It’s vital that we, as storytellers, understand what ALL our characters (major and minor) want and need. If you have a cast of passionate characters, passionate about willy-nilly things, a story can get befuddling and difficult. Unless their passion circles the same topic the story wanders off in too many directions and then a reader gets lost.
For example, I recently read a manuscript wherein one character was passionate about rebuilding old cars, another passionate about remodeling kitchens, and a third passionate about going to day spas. Okay, interesting. Unfortunately these three passions never intersected in the story. I suggested to the writer that if all three could meet as a result of vintage cars, remodeling, or at a day spa, then they could bond over that single shared passion, the crime could have something to do with that, and so on. But instead the reader was sent in three different directions, down three separate roads only to wonder why and then quickly get tired of the story.

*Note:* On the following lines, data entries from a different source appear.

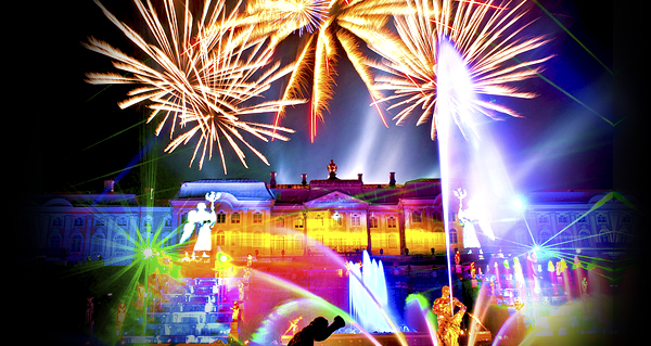 экскурсия по дороге в Петергоф, праздничное шоу, фейерверк, трансфер
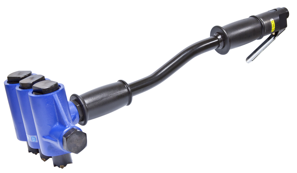 Throttle Lever Extended Handle Triple Piston Scaler. Triple piston scaler, with carbide pistons, designed for cement as well as removing rust and paint. Designed for structural steel and boiler industries.
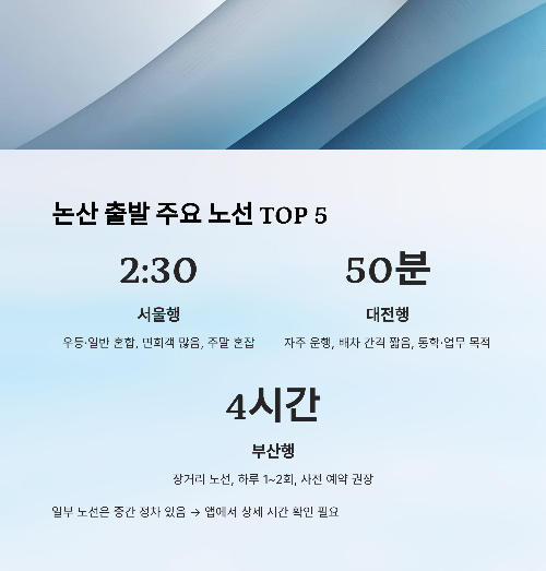 ✅ 3. 논산 출발 주요 노선 TOP 5
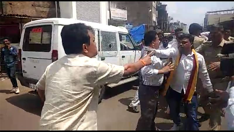 ಕರವೇ ಕಾರ್ಯಕರ್ತರುರಾಜ್ಯ ಸಂಚಾಲಕ ಮಹಾದೇವ ತಳವಾರ, ಜಿಲ್ಲಾ ಘಟಕದ ಅಧ್ಯಕ್ಷ ದೀಪಕ ಗುಡಗನಟ್ಟಿ ನೇತೃತ್ವದಲ್ಲಿ ತೆರಳಿದ್ದರು. ಈ ವೇಳೆಎರಡೂ ಸಂಘಟನೆಗಳ ಮುಖಂಡರ ನಡುವೆ ವಾಗ್ವಾದ ನಡೆದಿದೆ.

When I realized that the cast of characters in my upcoming novel, all of whom are holocaust survivors, all had the same needs (safety, community, nourishment, etc.) I had to write them with conflicting wants or the story would be boring (remember, wants and needs are VERY different) – some want to remember while others will do anything to forget. Some seek justice while others have lost hope in the jurisdiction of this world. Some seek the truth while others see only lies – and so on. These conflicting desires surrounding the same topic (the holocaust/concentration camp survival) create conflict no matter what else is happening. That tension filled topic is at the core of my story and keeps the spokes of my story-wheel spinning all in the same direction.
So remember, know the wants and needs of your characters and ALWAYS create conflict on every page.